Sabemos, por ejemplo, que si quisiéramos pedirle la hora a un extraño, nos hemos de dirigir a él o ella con algún saludo y después pedirle, por favor –ya sea explícito con las palabras, o implícito, por el tono– que nos diga qué hora es. No nos paramos frente a nadie y le gritamos “¡HORA! ¡Quiero saber la hora!”. Tampoco le gritamos a los desconocidos que caminan frente a nosotros a paso de tortuga “¡quítate, estorbo!” ni se nos ocurriría la osadía de decirle a alguien que su “outfit” es horrible.
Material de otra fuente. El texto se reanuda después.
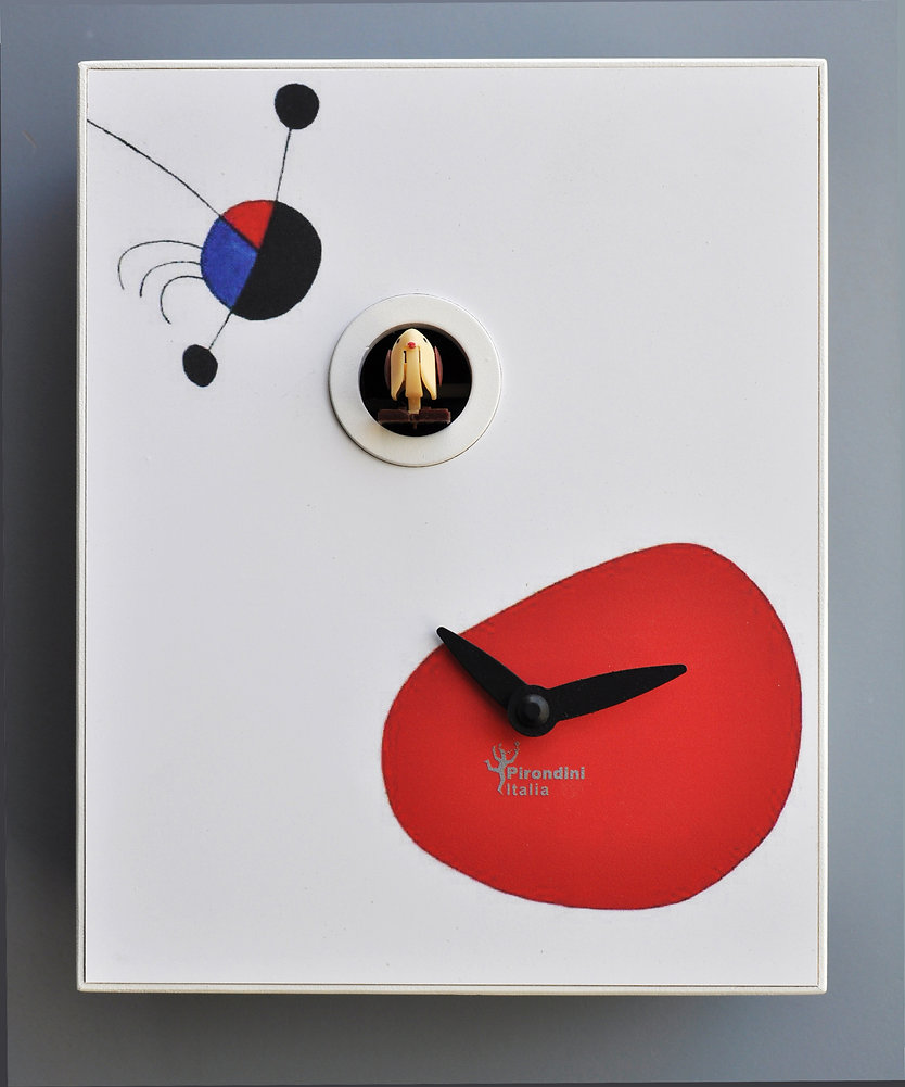 El reloj de cuco D'Après Mirò presenta un diseño artístico inspirado en la obra de Joan Miró. Compacto y fabricado en Italia, cuenta con un mecanismo de cuarzo y función de luz nocturna, lo que lo convierte en la pieza ideal para decorar con estilo tu salón, estudio o dormitorio, añadiendo un toque de color y creatividad.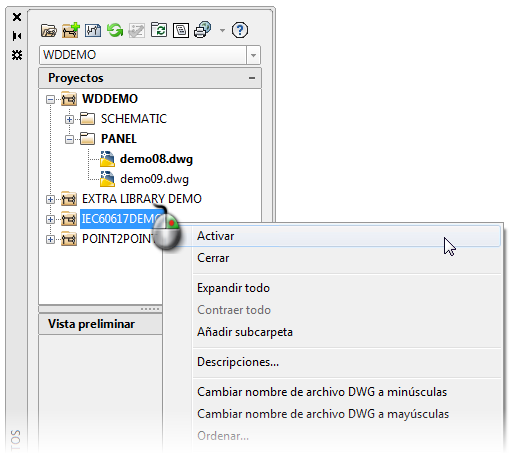 Se pueden tener tantos proyectos abiertos en el Gestor de proyectos como sea necesario, pero solo puede haber un proyecto activo a la vez. Las funciones de todo el proyecto solo procesan los dibujos del proyecto activo.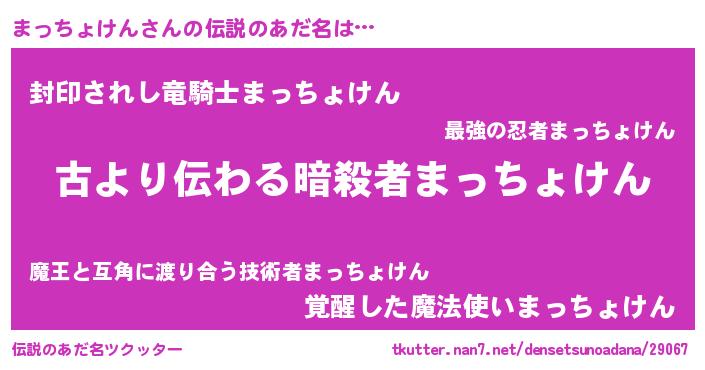 | 男性向けラノベタイトル風あだ名 | 『転生したらまっちょけんだった件』 |
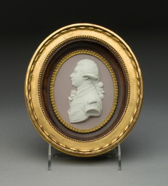This is a plaque with a portrait of Mrs. William Eden, Lady Auckland, made by the Wedgwood Manufactory. The Wedgwood company was established in 18th century England, and quickly became associated with high-end ceramic production. The firm's specialization in jasperware, like the blue and white seen here, imitated the look of ancient cameos, appealing to consumers eager to identify with classical ideals. The neoclassical style was popular among the elite, and the company developed a reputation for catering to aristocratic tastes. Lady Auckland's portrait, set in a gold frame, reflects the fashion of the time, especially among affluent women. Though portraits had long been the domain of painters, the Wedgwood firm cleverly adapted this tradition to the medium of molded ceramics. To better understand this work, consider researching the market for luxury goods in 18th century Britain, and the history of the Wedgwood company itself. By doing so, we can see how this portrait reflects specific social structures and economic conditions.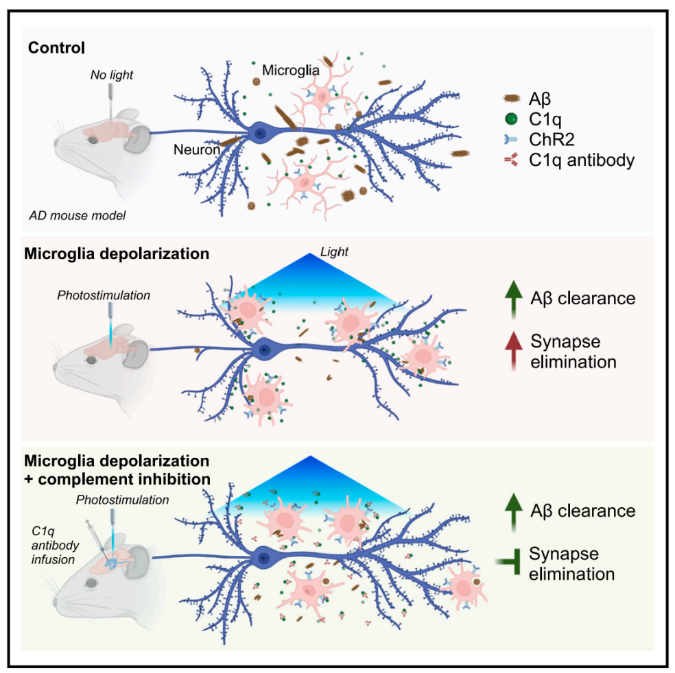 Clearance of b-amyloid and synapses by the optogenetic depolarization of microglia is complement selective (2024.01.31)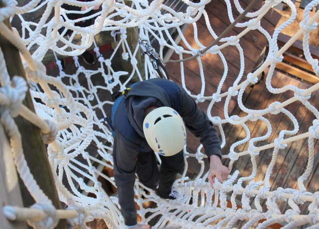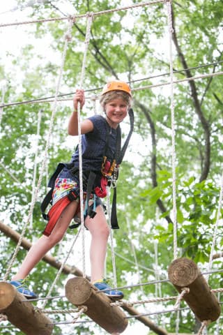 Asheville Treetops Adventure Park For ages 4 and over, we have 7 aerial trails with 77 elements from ground level to 50 feet in the air. For those old enough, choose which trails you want to conquer and have fun challenging your friends or family on our sky-kayak or hang glider, cheese wall or slide to nowhere, sea-turtle swing, or AERIAL snowboard.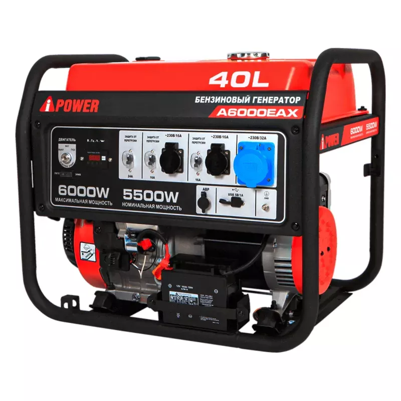 Бензиновый генератор A-iPower A6000EAX оснащен электростартером и разъемом для подключения блока автоматического ввода резерва — АВР. Отличительная черта этой модели — способность выдерживать кратковременную индуктивную нагрузку в 9,4 кВА, что позволяет подключать потребителей с высоким пусковым током. Устройство служит автономным источником однофазного тока для различного электрооборудования, в совокупности потребляющего 5,5 кВт. Благодаря большому топливному баку на 40 л электрогенератор работает без дозаправки в течение 11 часов при 100%-ной нагрузке.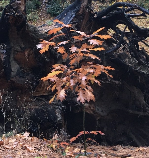 This past Spring, several of our old giants fell in a big windstorm. This is a natural way for a tree to die, but it is still sad to see. This oak fell over with some of its roots still in the ground. The City cut most of the tree away to keep the paths safe and the dog park clear.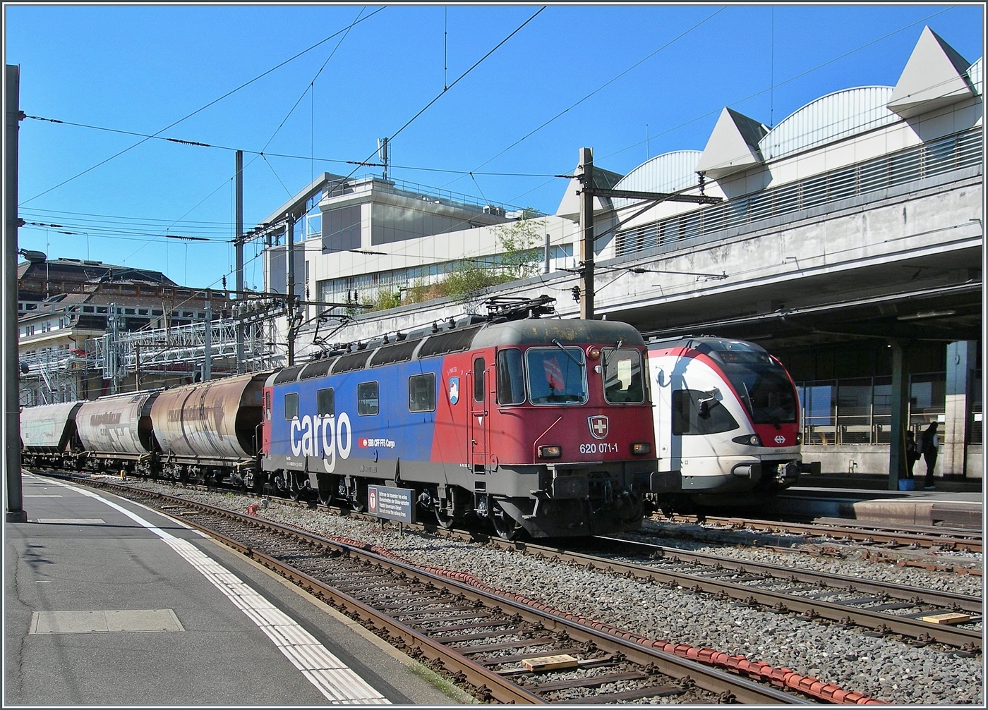 Die SBB Re 6/6 11671 (Re 620 071-1) Othmarsingen wartet mit ihrem  Spaghetti -Zug nach Torino in Lausanne auf die Weiterfahrt.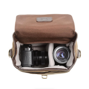 The Bond Street Waxed Canvas Camera Bag in olive from ONA is a stylish carrying option that can accommodate a mirrorless camera with one or two lenses and additional personal items. For impact and shock protection the bag has a padded non-scratch interior with closed-cell foam. A touch-tab divider can be adjusted to create two interior sections of equal or varying lengths. With or without that insert, the Bond Street bag can also be used as a compact messenger bag.

Pero esto, por alguna razón difícil de entender, no parece aplicar con las mujeres. Cuando salimos a la calle no falta el individuo que considera su derecho gritarnos ―o susurrarnos, o meramente decirnos― lo que se le cruce por la cabeza en alusión a nuestra apariencia. Aunque probablemente este mismo individuo sepa la importancia de decir “gracias” y “por favor» y sea capaz de ir a la tienda de la esquina y decirle a la dependienta “buenos días, doña Mary, ¿tiene blanquillos?”, la educación se le acaba cuando se topa con una mujer sola. Porque en serio, ¿alguien de veras considera cortés soltarle, sin ton ni son, cualquier cosa ―ya no digamos una vulgaridad totalmente explícita― a una extraña?
Entonces, ¿cómo decirle guapa a una mujer sin que ésta lo considere acoso? Es tan simple como tratarla como a un ser humano.